Zorglim M Overdose
Glimepiride (Zorglim M): Acute overdosage as well as long-term treatment with too high a dose of Glimepiride (Zorglim M) may lead to severe life-threatening hypoglycaemia.
Management: As soon as an overdose of Glimepiride (Zorglim M) has been discovered, a physician must be notified without delay. The patient must immediately take sugar, if possible in the form of glucose, unless a physician has already undertaken responsibility for treating the overdose.
Careful monitoring is essential until the physician is confident that the patient is out of danger. It must be remembered that hypoglycaemia may recur after initial recovery.
Admission to hospital may sometimes be necessary even as a precautionary measure. In particular, significant overdoses and severe reactions with signs eg, loss of consciousness or other serious neurological disorders are medical emergencies and require immediate treatment and admission to hospital.
If, for example, the patient is unconscious, an IV injection of concentrated glucose solution is indicated (eg, for adults starting with 40 mL of 20% solution). Alternatively in adults, administration of glucagon eg, in doses of 0.5-1 mg IV, SC or IM may be considered.
In particular, when treating hypoglycaemia due to accidental intake of Glimepiride (Zorglim M) in infants and young children, the dose of glucose given must be very carefully adjusted in view of the possibility of producing dangerous hyperglycaemia and must be controlled by close monitoring of blood glucose.
Patients who have ingested life-threatening amounts of Glimepiride (Zorglim M) require detoxification (eg, gastric lavage and medicinal charcoal).
After acute glucose replacement has been completed, it is usually necessary to give an IV glucose infusion in lower concentration so as to ensure that the hypoglycaemia does not recur. The patient's blood glucose level should be carefully monitored for at least 24 hrs. In severe cases with a protracted course, hypoglycaemia or the danger of slipping back into hypoglycaemia, may persist for several days.
Metformin (Zorglim M): Hypoglycaemia has not been seen with Metformin (Zorglim M) doses of up to 85 g, although lactic acidosis has occurred in such circumstances. High overdose or concomitant risks of Metformin (Zorglim M) may lead to lactic acidosis. Lactic acidosis is a medical emergency and must be treated in hospital. The most effective method to remove lactate and Metformin (Zorglim M) is haemodialysis.

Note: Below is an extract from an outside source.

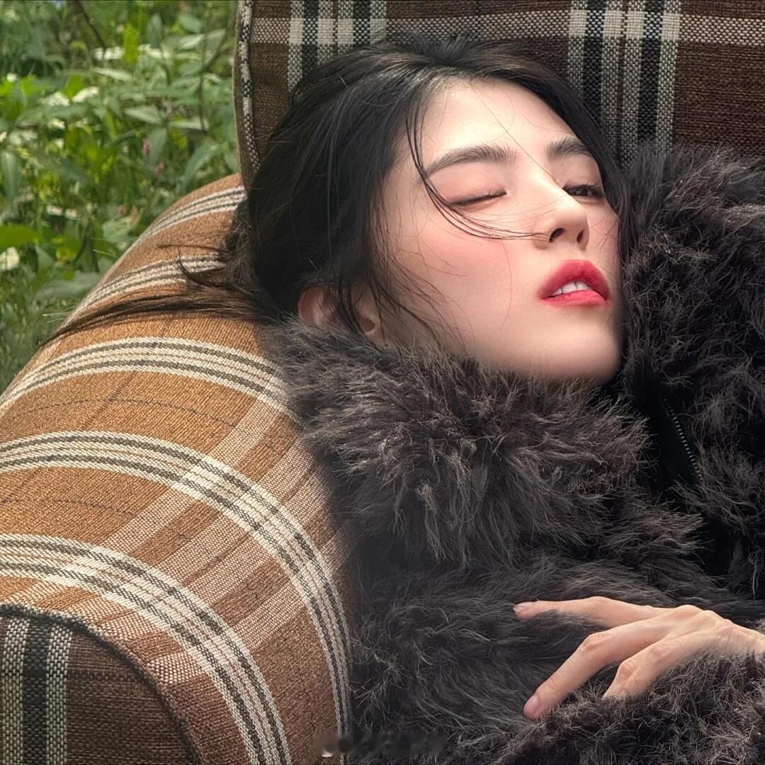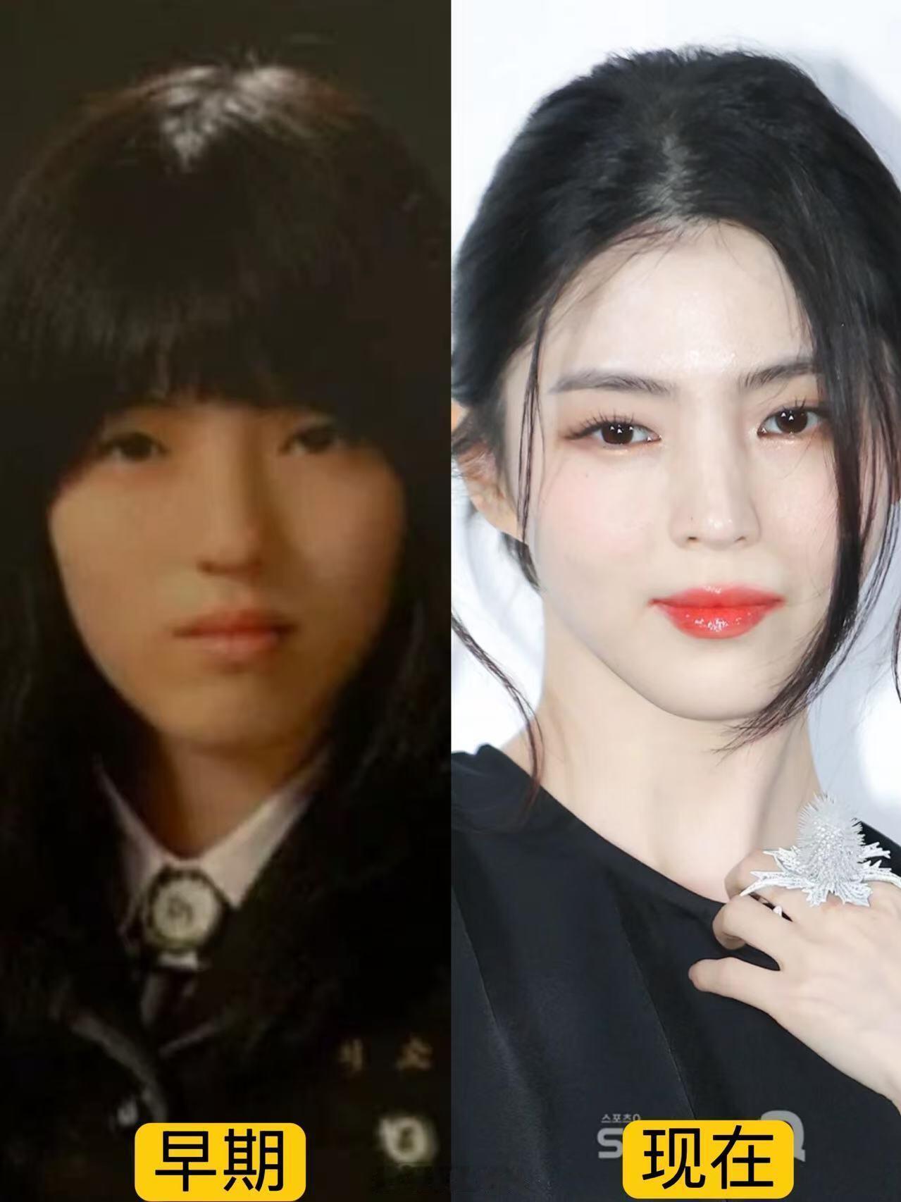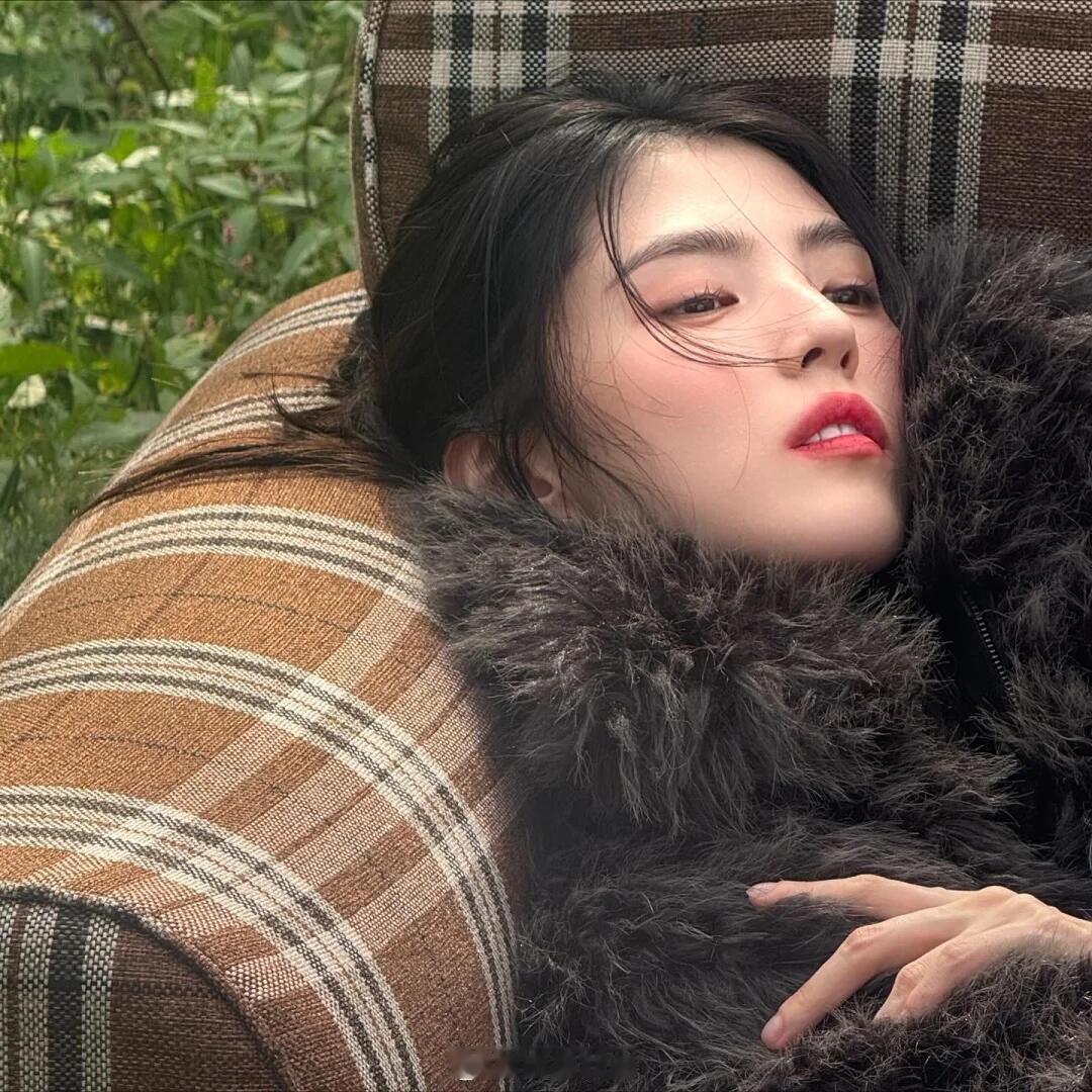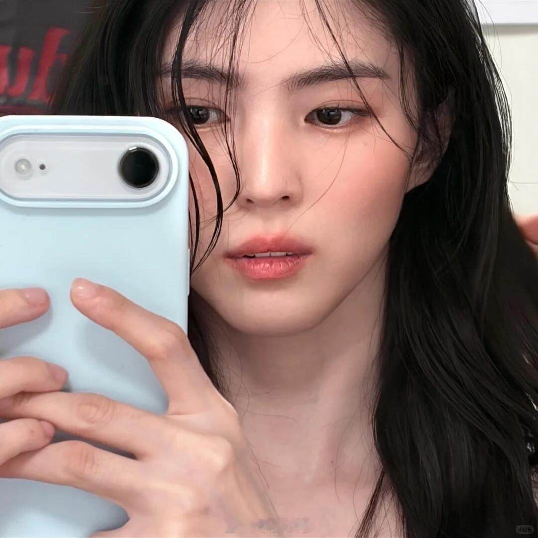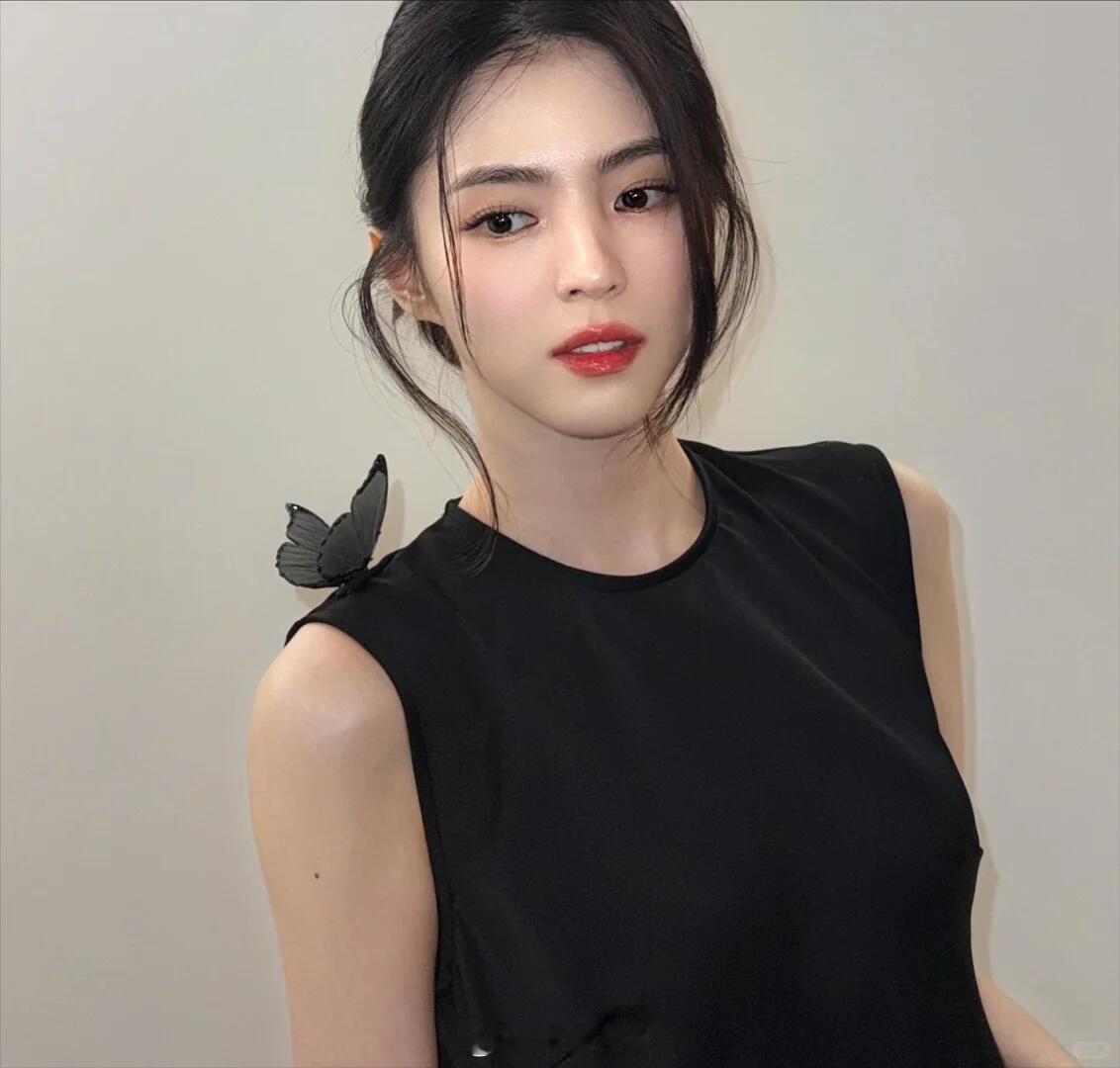 看韩素希的五官,最有意思的是那股反差劲。她脸型偏窄长,高鼻梁撑着立体感,眉眼离得近,眼型带点锐度,嘴角还微微下垂。
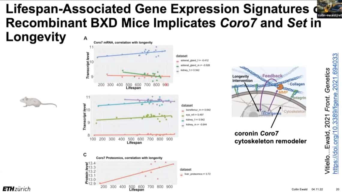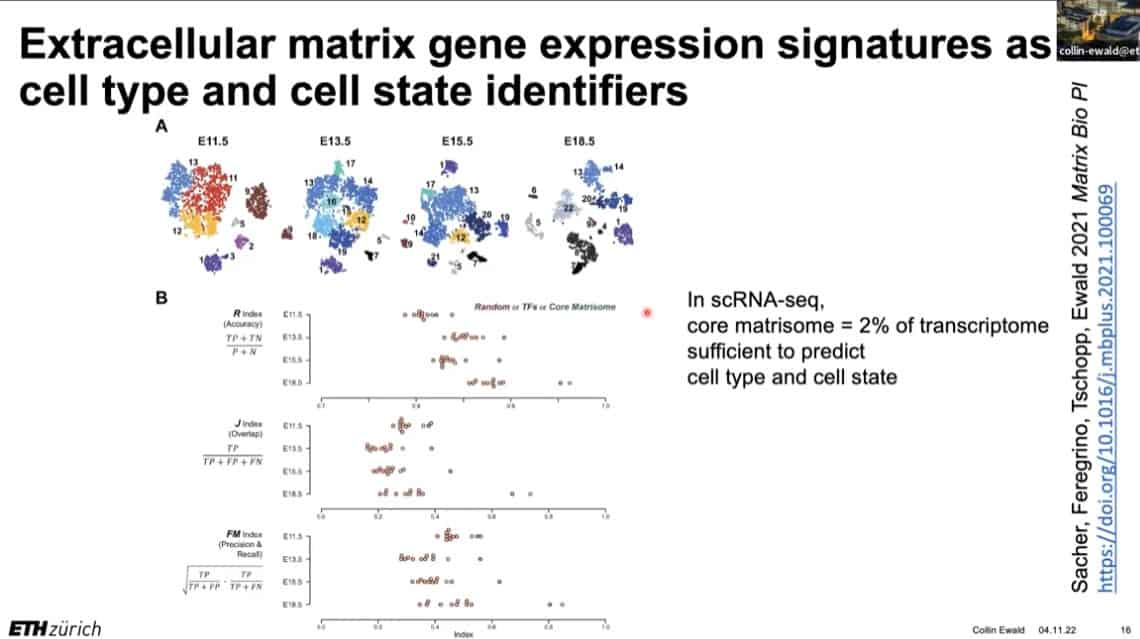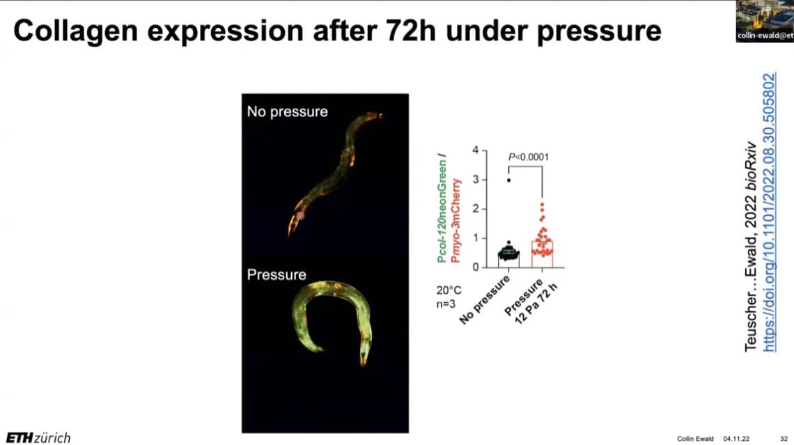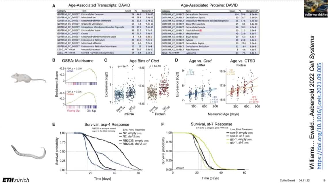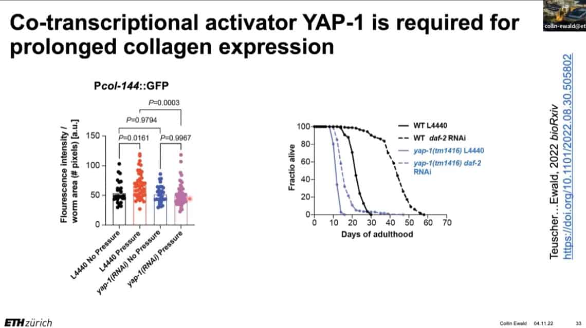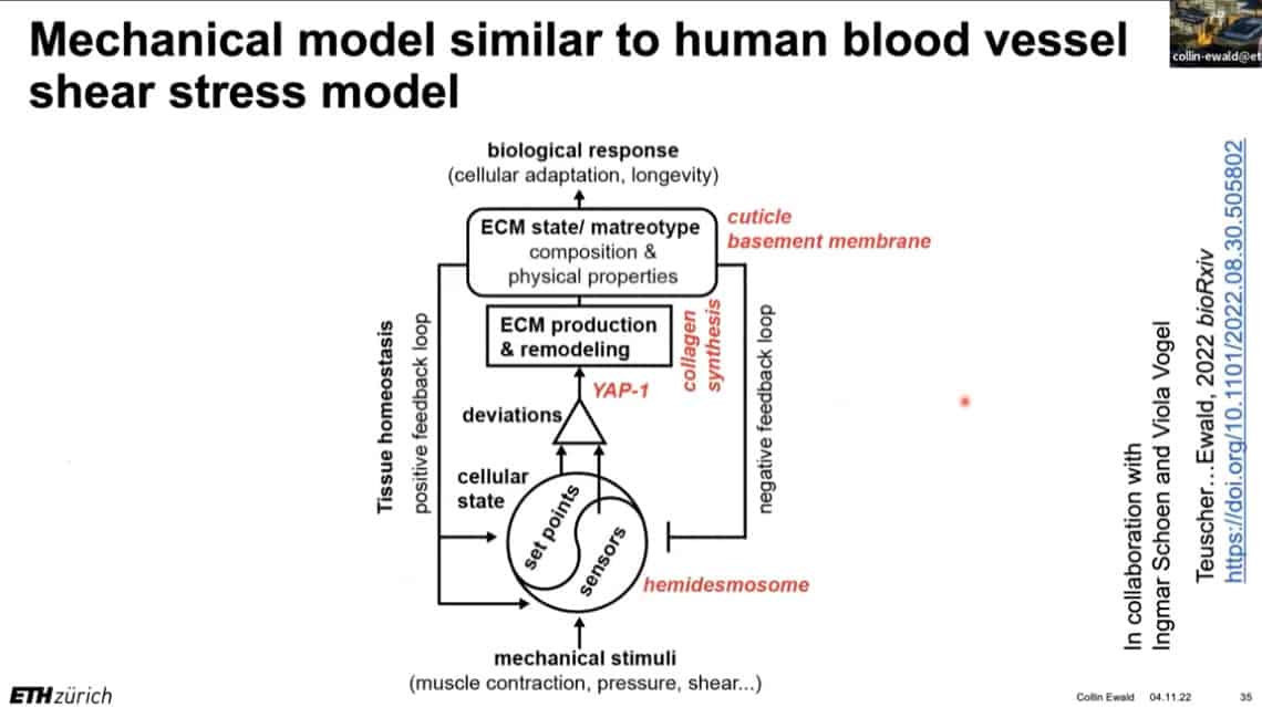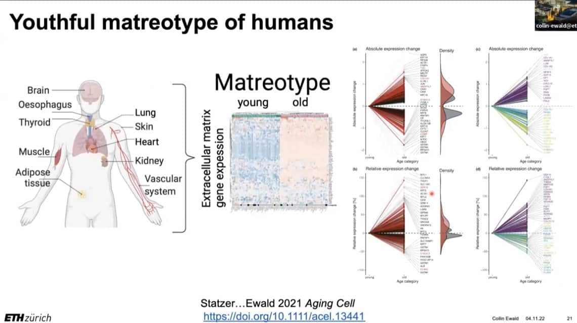 The innate importance of ECM health does not seem to translate to the clinic – there is a therapeutic gap between the impact of ECM on age related disease and the number of clinical trials being carried out on ECM biology. This is partially due to the complexity of human clinical trials. Fortunately, the ECM in model organisms such as mice, worms, and flies can be studied to gain useful insights into how to regenerate and repair extracellular structures in humans. Collin is using gene expression analysis to predict the existence of drugs that affect the ECM in worms and humans, and already has several leading candidates.

Caution when used in patients with CHF especially in those with unstable or acute heart failure. Risk of lactic acid accumulation increases with the degree of renal impairment. May need to discontinue treatment in patients with stress-related states e.g. fever, trauma, infection or surgery. Metformin (Zorglim M) should be temporarily discontinued for 48 hr in patients undergoing radiologic studies involving intravascular admin of iodinated contrast materials. Elderly. Monitor renal function regularly. May impair ability to drive or operate machinery.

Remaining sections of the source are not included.